Мы все последовали за Крисом через мост – точнее было бы сказать, потащились. Поезда, на наше счастье, не было. Затем мы перелезли через ограду свалки (в такую рань, да еще в воскресенье, ни Майло, ни Чоппером тут, конечно, и не пахло) и напрямик вышли к колодцу. Первым попробовал ледяную воду Верн, потом и остальные, окатившись до пояса, напились так, что больше не было возможности. Утро выдалось прохладным, поэтому нам пришлось надеть рубашки. Доковыляв до нашего пустыря, мы остановились и уставились на хижину, в которой все и начиналось. Смотреть друг на друга нам почему-то не хотелось.

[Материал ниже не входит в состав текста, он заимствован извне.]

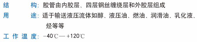 主要由耐液體的內(nèi)膠層、中膠層、2或4或6層鋼絲纏繞增強(qiáng)層、外膠層組成,內(nèi)膠層具有使輸送介質(zhì)承受壓力,保護(hù)鋼絲不受侵蝕的作用,外膠層保護(hù)鋼絲不受損傷,鋼絲(φ0.3--2.0增強(qiáng)鋼絲)層是骨架材料起增強(qiáng)作用。
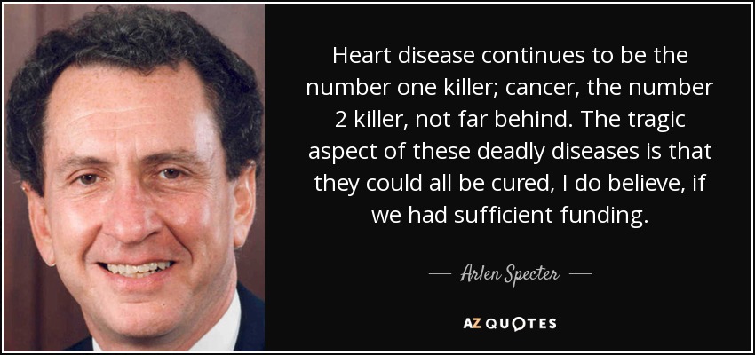 Heart disease continues to be the number one killer; cancer, the number 2 killer, not far behind. The tragic aspect of these deadly diseases is that they could all be cured, I do believe, if we had sufficient funding.
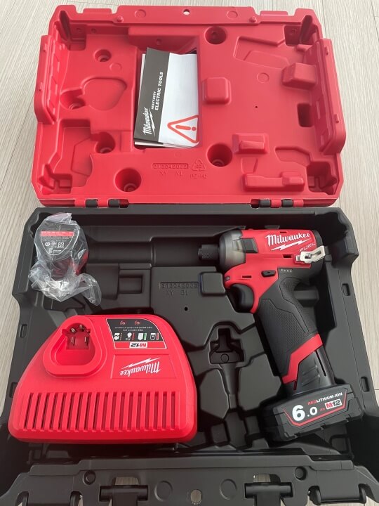 드릴을보면서 정말 예쁘다는 생각이 들었습니다. 기대감을 안고 상자를 뜯으니~! 짜안..! 빨간색 박스가 하나 놓여져 있습니다. 모델은 m12-fqid-632c kr 한국발 밀워키 오일펄스 제품입니다. 배터리가 6ah,3ah 두개가 들었고 본체도 하나 충전기도 하나 들었습니다. 한국발과 직구제품의 차이가 있어요. 잘 알아보시고 선택하시길 바랍니다. 앞에 척에 꼽히는 비트의 종류가 mz냐 nz냐로 나뉘는데 거기에 대해 잘 알아보셔야되요!! mz척을 가진 제품은 nz비트를 사용할 수 없지만 nz제품은 mz,nz 비트를 다 사용할 수 있습니다.
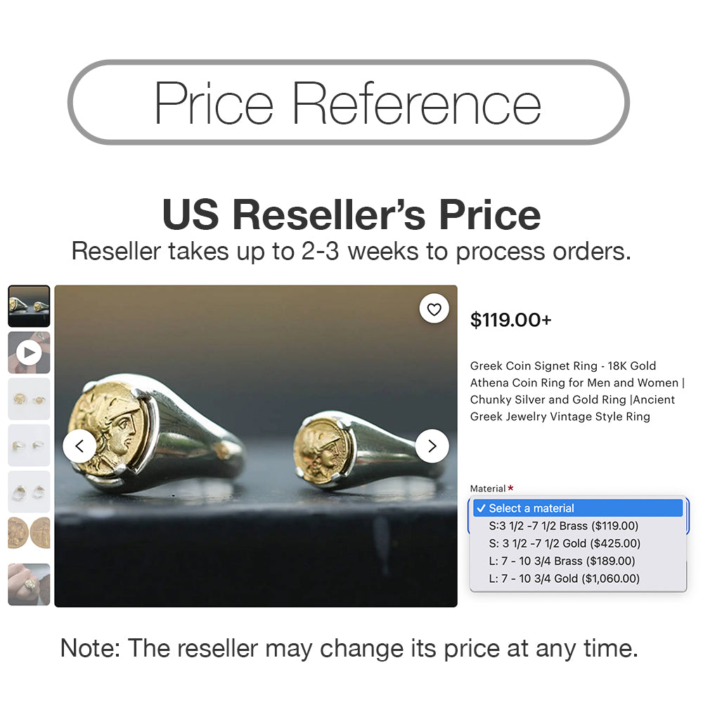 Get closer to ancient Greek history with our stunning Greek Coin Ring. This ring features a replica of a coin dating back to the time of Alexander the Great, approximately 2400 years ago in ancient Macedonia. One side of the coin showcases the head of Athena, the goddess of wisdom, while the reverse depicts Nike, the goddess of victory, holding a wreath and a stylish item in her hands. This detailed coin is securely set in a chunky, eye-catching signet-style ring, suitable for both him and her.
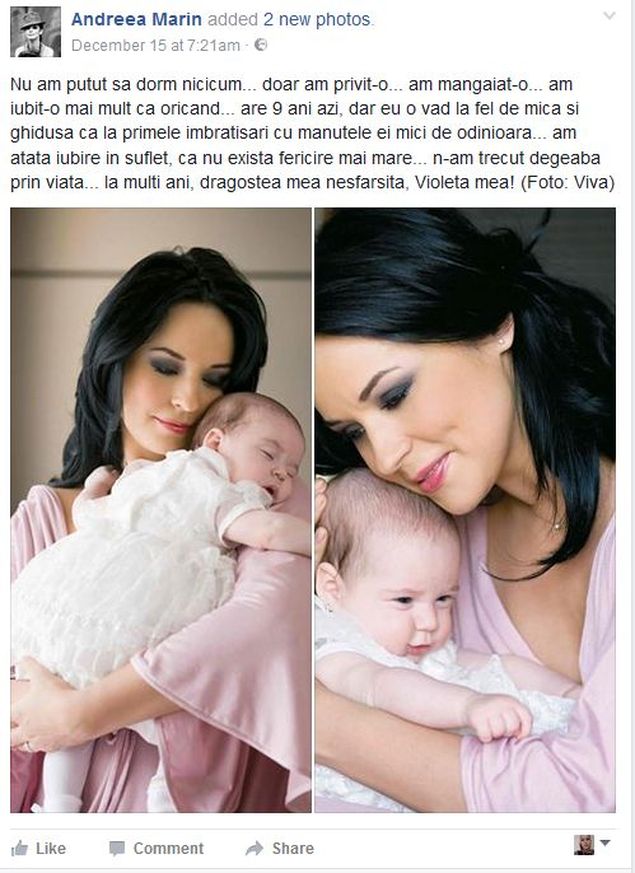 De ziua Violetei, fiica pe care o are cu Stefan Banica Jr, Andreea Marin a publicat pe Facebook o poza cu ea si fiica ei, dar si un mesaj.
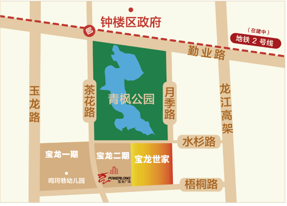 常州宝龙三期项目属于钟楼新城青枫公园板块,自带运营成熟商业——宝龙广场,配套齐全,生活便利;一路之隔即为青枫公园,出门即享鲜氧生活;周边除了多路BRT快速公交外,还有轨道交通2号线在建,交通便利。项目一期b地块宝龙名邸,以“家在公园里,公园在家里”为规划设计宗旨,打造365天公园高尚社区。区位介绍
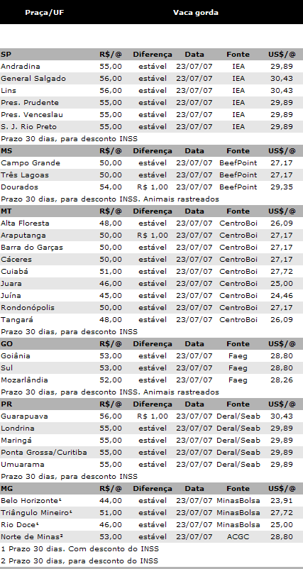 Cotações do Mercado Físico da Vaca Gorda, nas praças levantadas pelo BeefPoint.
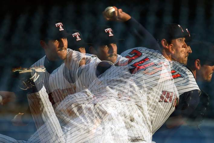 Mud Hens pitcher Drew VerHagen throws against the Columbus Clippers in this multiple exposure image.
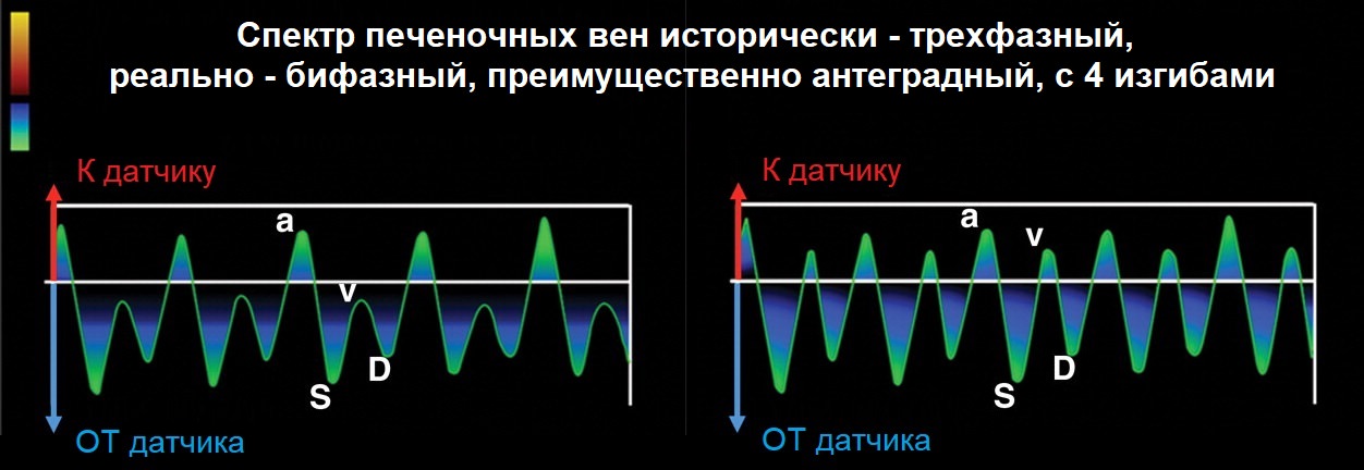 Рисунок. Спектр печеночных вен исторически — трехфазный, а реально — бифазный, преимущественно антеградный, с 4 изгибами (подробнее смотри Доплер сосудов начинающим): сокращение предсердий в конце диастолы — а-пик, систола — S-волна, раскрытие трикуспидального клапана в конце систолы — v-пик, диастола — D-волна. В печеночных венах основную часть времени кровоток ОТ датчика — при ЦДК синий цвет и спектр ниже базовой линии. Когда давление в правом предсердии нарастает — предсердный толчок и раскрытие трикуспидального клапана — спектр поднимается.

– Ну ладно, – вздохнул наконец Тедди, – увидимся в среду в школе. Я лично до тех пор скорее всего буду спать как убитый.
– И я, – отозвался Верн. – Грубая сила меня износила…
Крис стоял молча, что-то насвистывая сквозь зубы.
– Эй, дружище, – окликнул его Тедди, явно ощущая себя неловко, – только без обид, договорились?
– Без обид, – эхом отозвался Крис. Внезапно его мрачная, изможденная физиономия осветилась радостной улыбкой. – А все-таки, черт побери, нам это удалось! Мы им показали, всем им, так ведь?
– Ага, – тихо вздохнул Верн, – показали… Теперь Билли покажет мне.
– Ну и что? – возразил Крис. – Я тоже получу свое от Ричи; Горди скорее всего от Туза, а Тедди – от кого-нибудь еще. Важно, что нам это удалось!
– Точно, удалось, – без особой уверенности проговорил Верн.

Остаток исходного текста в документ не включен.